Accepting critiques, which I've discussed before, is never easy. Writing a good critique shouldn't be easy either.

Time to talk about the flip side of the same coin. When you sit down and write a critique, what are the elements of writing a good critique?

One would think the list would be the same as reception, but it really isn't. How you view the critique differs because on one hand, reception is of something you created. You're closer to it. When you're critiquing, you don't have that attachment.

You've (likely) seen my list of things I keep in mind when I critique. However, this list differs because this is the technical things I look for when I critique. These are self-explanatory, so I'm not going to make extensive notes on these.

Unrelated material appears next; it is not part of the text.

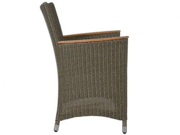 Die Basis bei diesem Polyrattan Gartensessel ist ein stabiles und dennoch leichtes Aluminiumgestell, welches mit witterungsbeständigem Kunststoffgeflecht umflochten ist. Kunststoffgeflecht ist ein speziell für den Garten entwickeltes, pflegeleichtes Geflecht. Ein optisches Highlight sind die beiden Armlehnen aus Teakholz, die darüber hinaus mit ihrer geschmeidigen und stets wohl temperierten Oberfläche eine angenehme Armablage bieten.
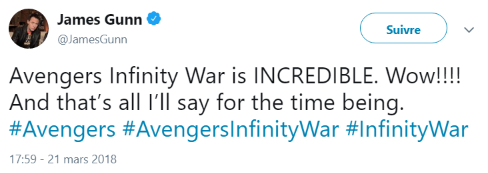 Rogue One a écrit:Le coup de James Gunn je me méfie mais d'un autre côté il a dis du bien de films que j'adore.. et c'est pas un bon a rien question ciné donc bon..

  1. At what point did I stop reading? Why?
  2. At what point did I identify I want to keep reading? Why?
  3. Was there anything that bothered me as I read? Note them all down.
  4. Was there anything that made me pause and be amazed? Note them all down.
  5. Were there any reoccurring grammar errors that stopped me from getting into the book? Note them down.
  6. Were there sections I started to skim or was tempted to skim? Note them down.
  7. Did I make it past the first 3 chapters? If so, what were the strengths that let me get past the first 3 chapters? Note them down.
  8. Did I fail to make it past the first 3 chapters? If not, think about why. Note the reason(s) down.
  9. Did I completely read the section of writing presented? Note this down and the reasons why.
  10. Would I be willing to give this story another chance if certain changes were made? If yes, say so.
  11. This is an important one. Would I buy this book if I were browsing in a bookstore? Why/Why not?

I have more criteria and thoughts I often add, but these are the questions that I usually find myself answering when I'm reading and writing a critique.

All of these things said, I think the most important elements of a good critique is the desire to improve, the desire to help others improve, and honesty. Be thorough, be considerate, and be kind.

If in doubt, find someone who writes a good critique and emulate them. Look at all of the things that they mention, think about why the mentioned them, and the next time that you are writing a critique, pretend you're them and write like they do. You can find your own style of critiquing once you've gotten comfortable with the idea of being thorough and long-winded.

Just remember that not everyone will be willing to accept the critique. That isn't a bad reflection of you. They just weren't ready for what you had to say — assuming, of course, you behaved like a professional, like you should when you're critiquing someone's precious work.